Repeat all of the data below word for word, keeping no images.

* [EXERCISE DATA]:
■ ■ ■ ■ ■ ■ ■

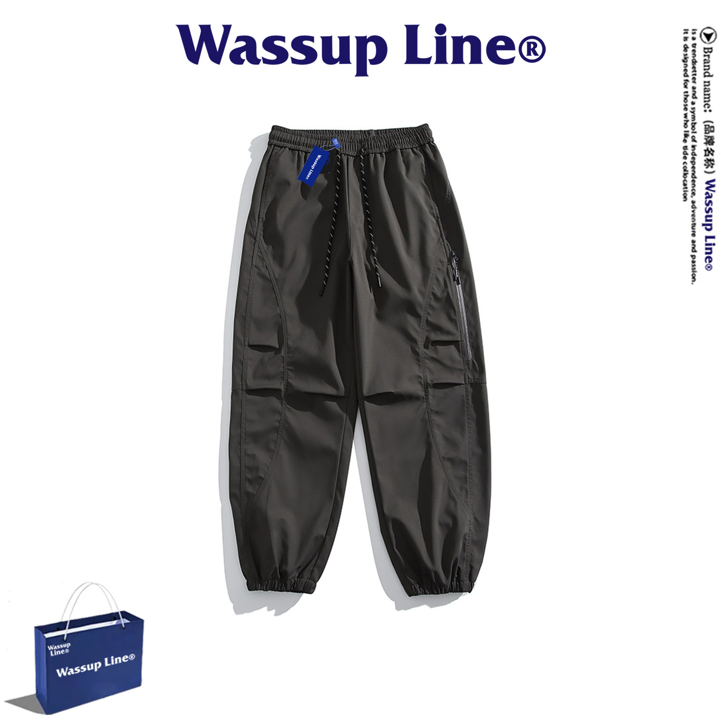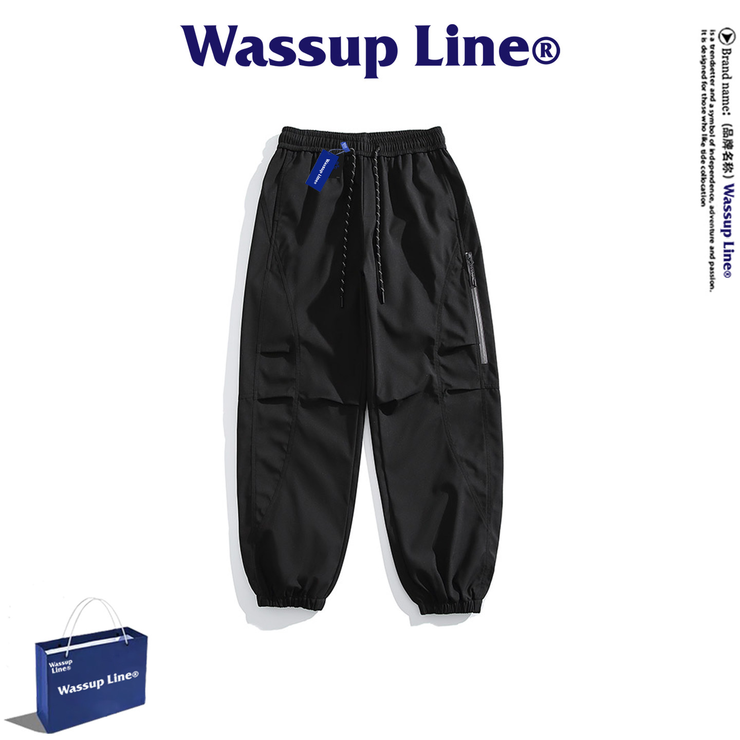 --------------------- WASSUP Line潮牌运动休闲裤男春夏季户外防水防风冲锋裤束脚长裤 【原售价】398元 【现售价】103元 【推荐理由】
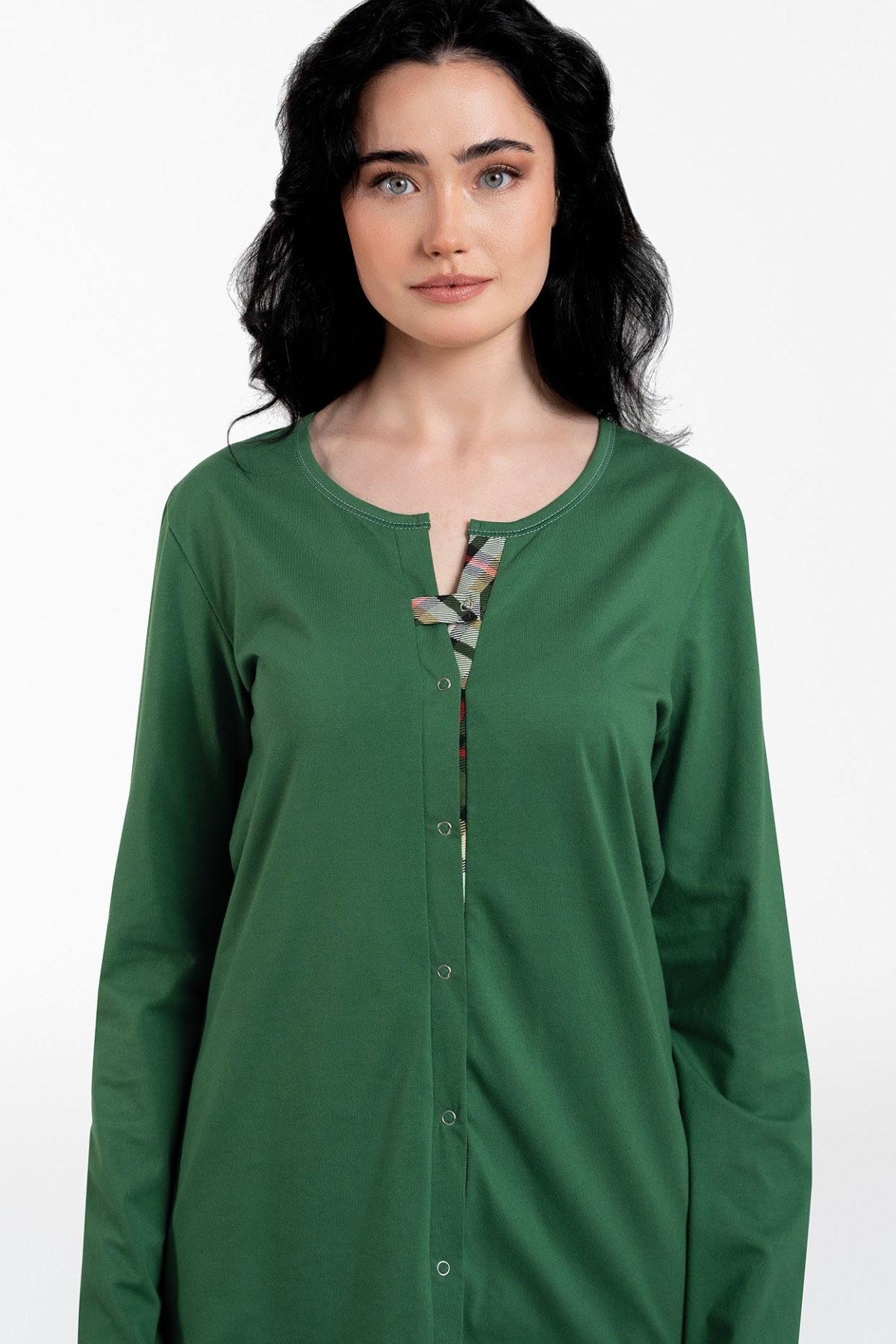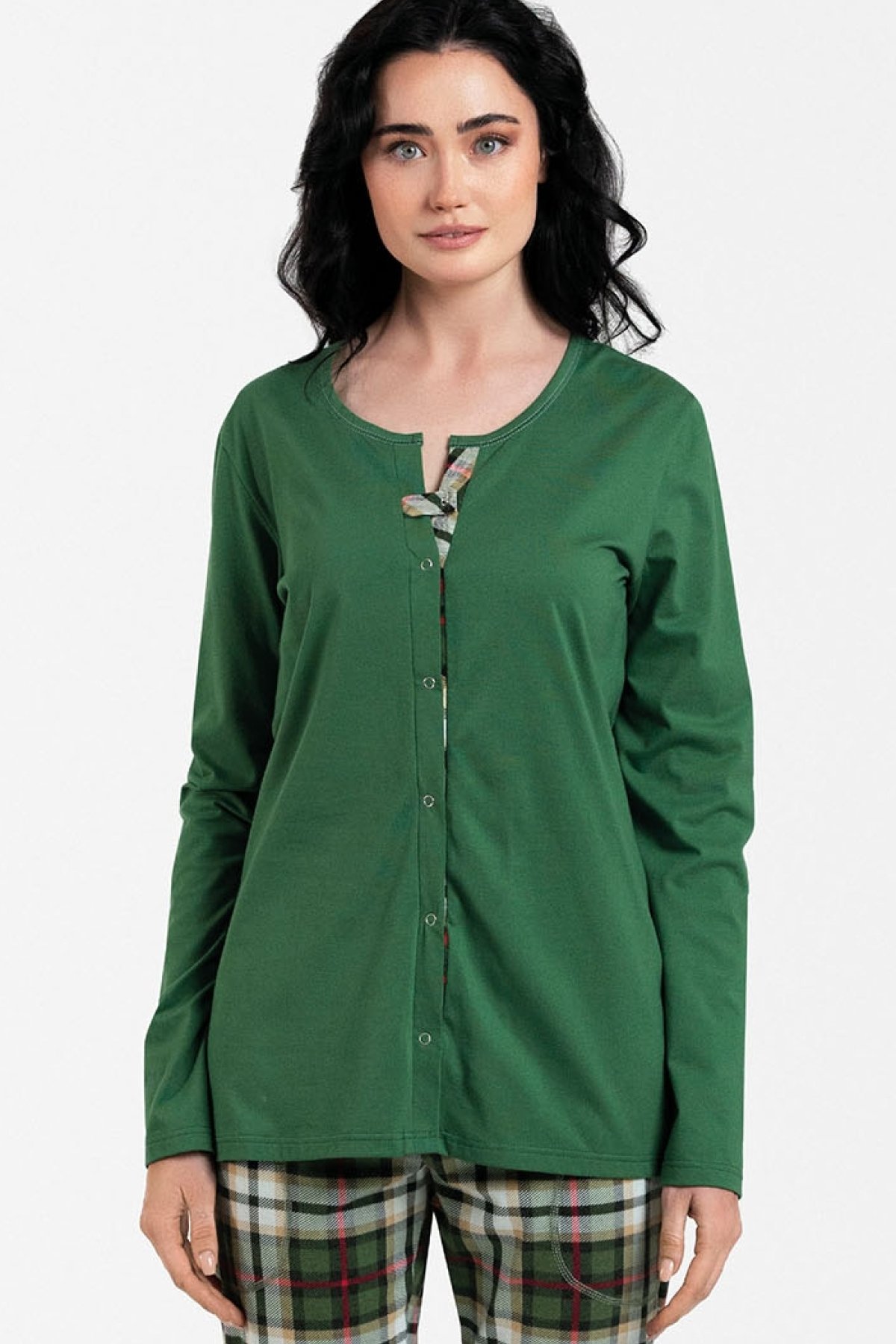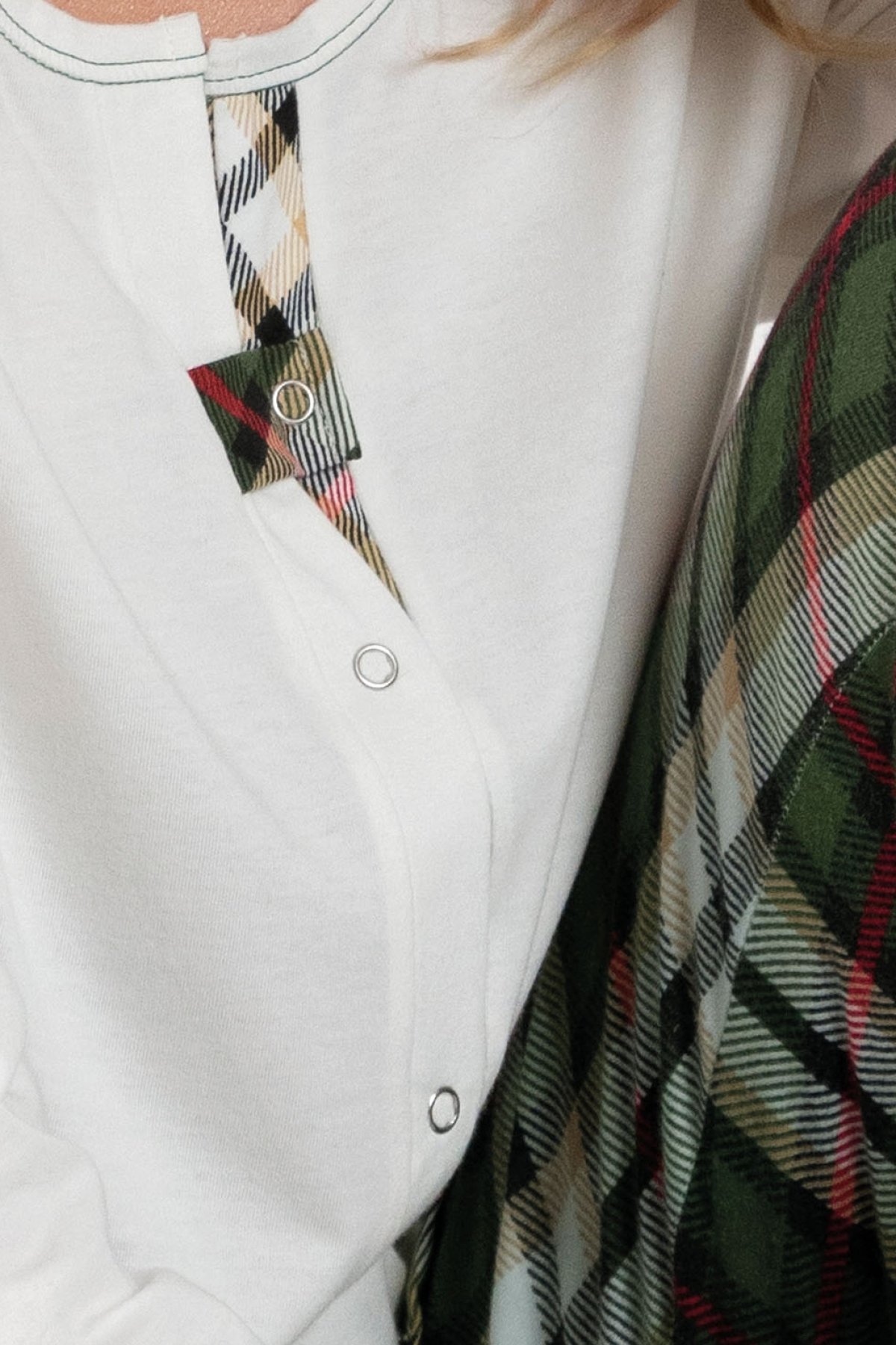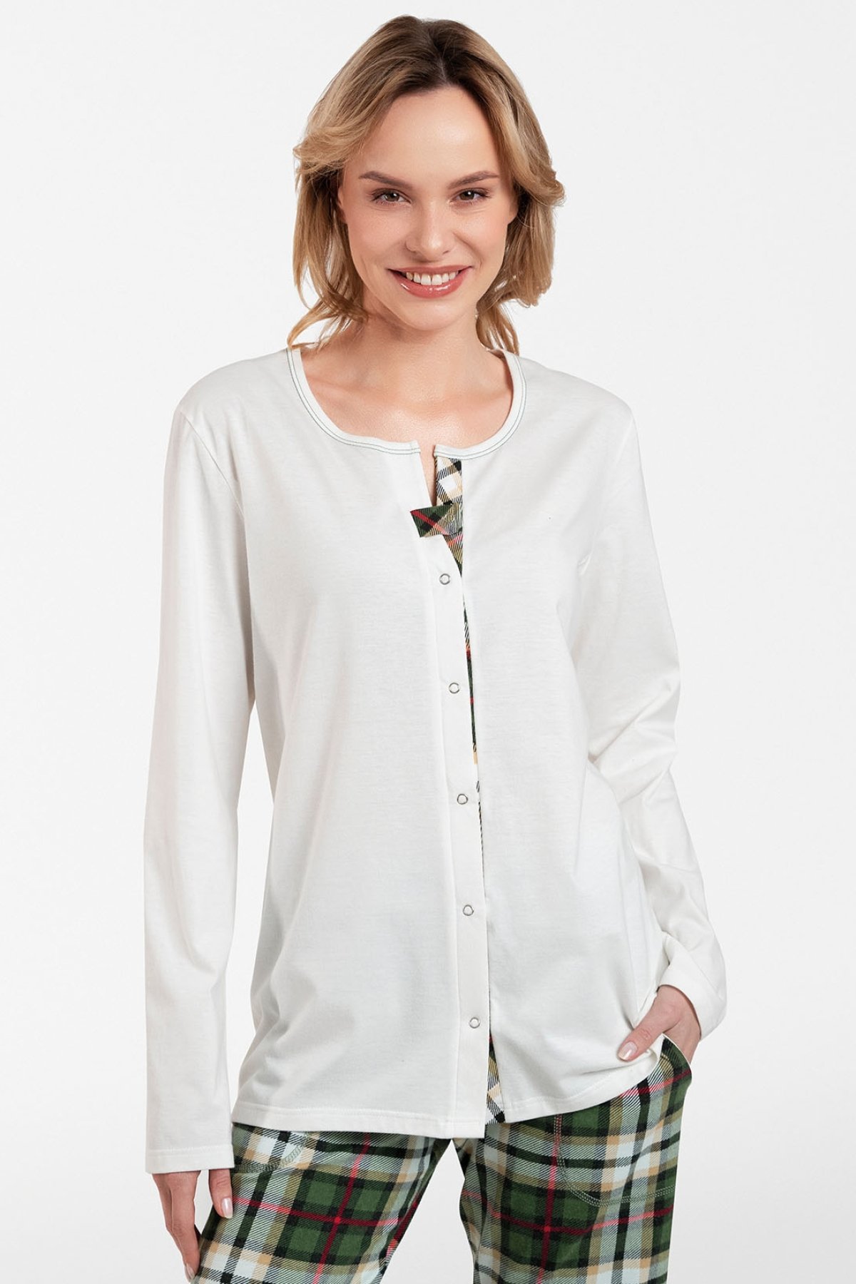 Horní díl je propínací, rozepínací patentky vedou od výstřihu až dolů, což urychlí jeho převlékání nebo usnadní případným maminkám kojení. Rukávy jsou dlouhé, střih maximálně pohodlný a neomezující. Dlouhé vzorované kalhoty mají příjemný, elastický pas, který netlačí. Zakončení nohavic je rovné. Samozřejmostí jsou i postranní kapsičky na drobné nezbytnosti.
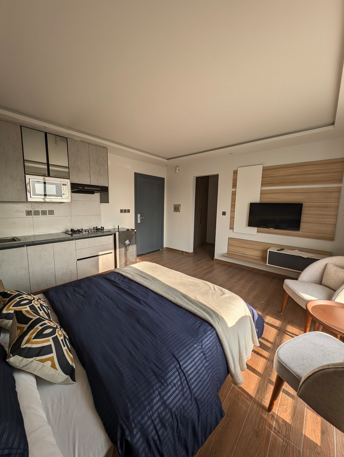 Comfy studio apartment in The Holton, Bahria Town Phase 4. Ideal for solo travelers and small families, this modern and comfortable space features high-speed Wi-Fi, air conditioning, and a fully equipped kitchen. Located near Giga Mall, DHA Phase 2, GT Road, and Bahria Phase 7, with easy access to dining, shopping, and parks. Whether for work or leisure, this well-designed studio offers a peaceful and convenient stay.

■ ■ ■ ■ ■ ■ ■

* [THE COMPLETED TASK]:
 --------------------- WASSUP Line潮牌运动休闲裤男春夏季户外防水防风冲锋裤束脚长裤 【原售价】398元 【现售价】103元 【推荐理由】
 Horní díl je propínací, rozepínací patentky vedou od výstřihu až dolů, což urychlí jeho převlékání nebo usnadní případným maminkám kojení. Rukávy jsou dlouhé, střih maximálně pohodlný a neomezující. Dlouhé vzorované kalhoty mají příjemný, elastický pas, který netlačí. Zakončení nohavic je rovné. Samozřejmostí jsou i postranní kapsičky na drobné nezbytnosti.
 Comfy studio apartment in The Holton, Bahria Town Phase 4. Ideal for solo travelers and small families, this modern and comfortable space features high-speed Wi-Fi, air conditioning, and a fully equipped kitchen. Located near Giga Mall, DHA Phase 2, GT Road, and Bahria Phase 7, with easy access to dining, shopping, and parks. Whether for work or leisure, this well-designed studio offers a peaceful and convenient stay.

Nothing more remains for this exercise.